Combustible Dust – 10 NFPA Codes and Standards!

So, you thought you knew what you needed to do to comply with the requirements of NFPA 652 Standard on the Fundamentals of Combustible Dust. But did you know that there are at least a further 9 standards produced by NFPA regarding Combustible Dust which could be relevant to you? And that’s before we get onto the numerous other process safety codes and standards that may be applicable but of a more general nature. Read on to find out more. Read on to ensure you comply with the most appropriate Combustible Dust codes and standards for your industry and nature of your powder(s)!
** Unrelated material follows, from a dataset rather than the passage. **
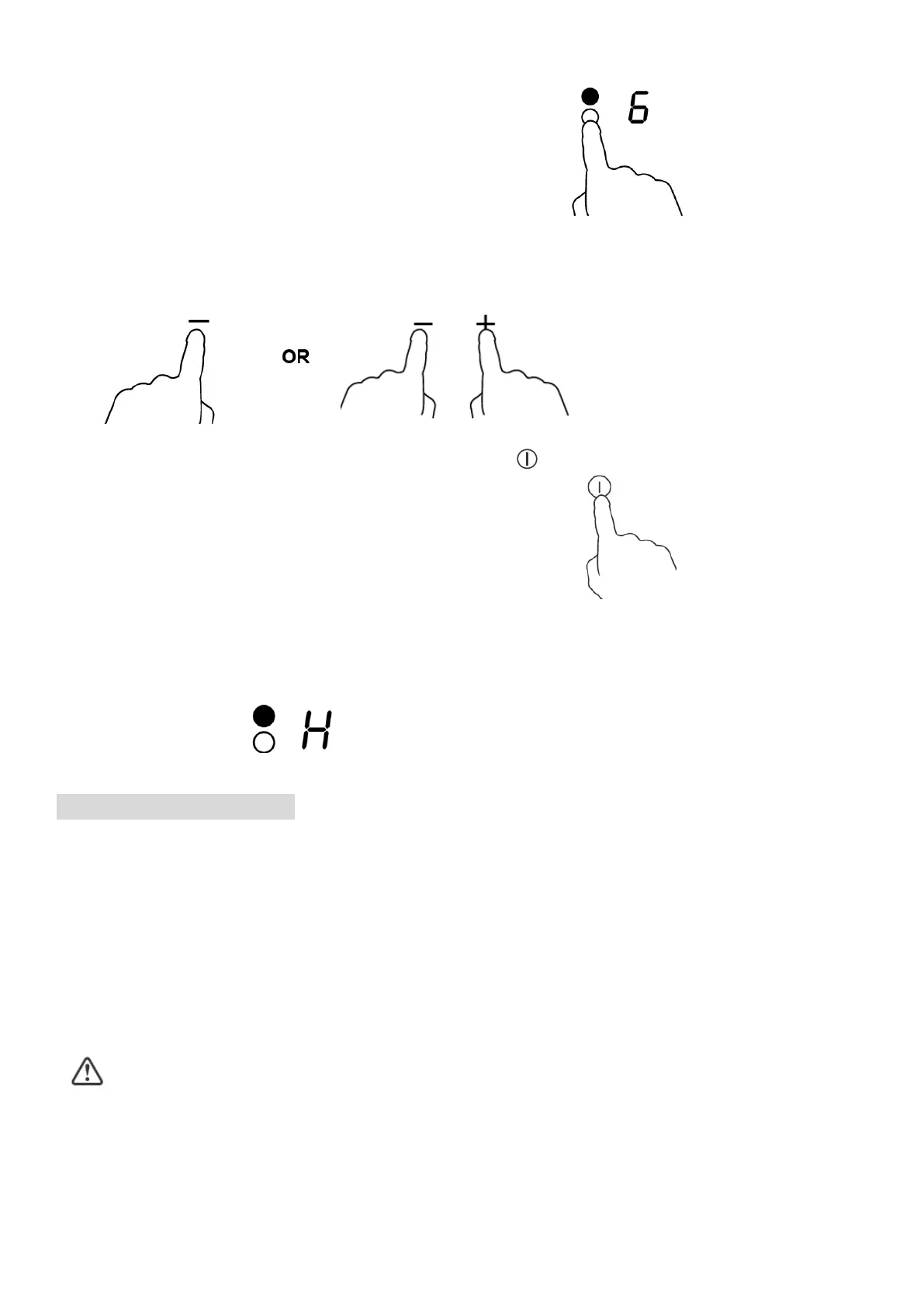 2. Varnou zónu vypněte nastavením výkonu na „0 “ nebo současným dotekem ovladačů „-“ a

Most folks have heard of NFPA 652 by now. It’s the standard on the Fundamentals of Combustible Dust. That’s the standard that requires you, as an owner or operator of a facility handling or processing combustible dust, to:

  1. determine your dust’s combustibility and explosibility hazards (often by commissioning lab tests)
  2. to conduct a DHA – i.e., a Dust Hazards Analysis – at your facility
  3. to manage all the identified fire, flash fire and explosion hazards of your DHA, and then
  4. to establish a written Safety Management System to prevent and protect against the hazards

But it’s important to realize that NFPA 652 actually just provides minimum general requirements to manage combustible dust fire, flash fire, and explosion hazards. What’s more, it directs its users to other NFPA standards for more specific industry and commodity-specific requirements. It also establishes a relationship – a hierarchy if you like – with these other industry or commodity-specific standards.

What are the Standards for Combustible Dust?

There are specific industry- or commodity-specific standards for agricultural and food facilities, facilities handling metals, facilities handling sulfur and even a special standard for the wood processing and woodworking industries. Here are those standards:

  • NFPA 61, Standard for the Prevention of Fires and Dust Explosions in Agricultural & Food Processing Facilities
  • NFPA 484, Standard for Combustible Metals
  • NFPA 655, Standard for Prevention of Sulfur Fires and Explosions
  • NFPA 664, Standard for the Prevention of Fires and Explosions in Wood Processing and Woodworking Facilities

And if you do not fit into the definitions of these specific industries/commodities, then NFPA 654 is going to be for you:

  • NFPA 654, Standard for the Prevention of Fire and Dust Explosions from the Manufacturing, Processing, and Handling of Combustible Particulate Solids

If there is any doubt in potential cases of conflict between standards then check out the table below, where the standard with priority is defined:

Table for Website Page

When Does NFPA 652 NOT Apply?

Do also note that simply having a combustible dust does not automatically mean you have to apply a code or standard. Indeed, there are a number of situations where NFPA 652 does not apply at all! NFPA 652 does not apply where there is:

  1. Storage inventory or use of consumer quantities in residential or office buildings
  2. Storage or use of commercially packaged materials at retail facilities
  3. Materials are displayed in original packaging in mercantile occupancies and intended for personal or household use or as building materials
  4. Warehousing of sealed containers when not associated with an operation that handles or generates combustible dust
  5. Materials stored or used in farm buildings or similar occupancies for on-premises agricultural purposes

Even More Combustible Dust Standards

That’s got 5 of the 9 NFPA standards on combustible dust out of the way. What about the remaining 4? Well, we have:

  • NFPA 68, Guide for Venting of Deflagrations that explains how to locate and size explosion relief vents,
  • NFPA 69, Standard on Explosion Prevention Systems for other explosion prevention techniques and systems
  • NFPA 77, Recommended Practice on Static Electricity, a focused guide dealing with liquids and gases as well as dust, but with some very specific recommendation on control of static electricity, and finally,
  • NFPA 499, Recommended Practice for the Classification of Combustible Dust and of Hazardous (Classified) Locations for Electrical Installations in Chemical Process Areas

Yes, I know that’s a lot of standards to read and process but it’s worth reminding ourselves of why it’s worth bothering. The intended objectives of NFPA 652 are all about:

Life Safety
Protecting occupants from the effects of fire for the time needed to evacuate, relocate, or take refuge. Preventing serious injury from flash fires and explosions. Protecting adjacent properties and the public from the effects of fire, flash fire, or explosion.

Mission Continuity
Limiting damage to levels that ensure the ongoing mission, production, or operating capability of the facility to a degree acceptable to the owner/operator, and

Mitigation of Fire Spread and Explosions
Preventing or mitigating fires and explosions that can cause failure of adjacent buildings, compartments, enclosures, properties, storage, facility’s structural elements, or emergency life safety systems.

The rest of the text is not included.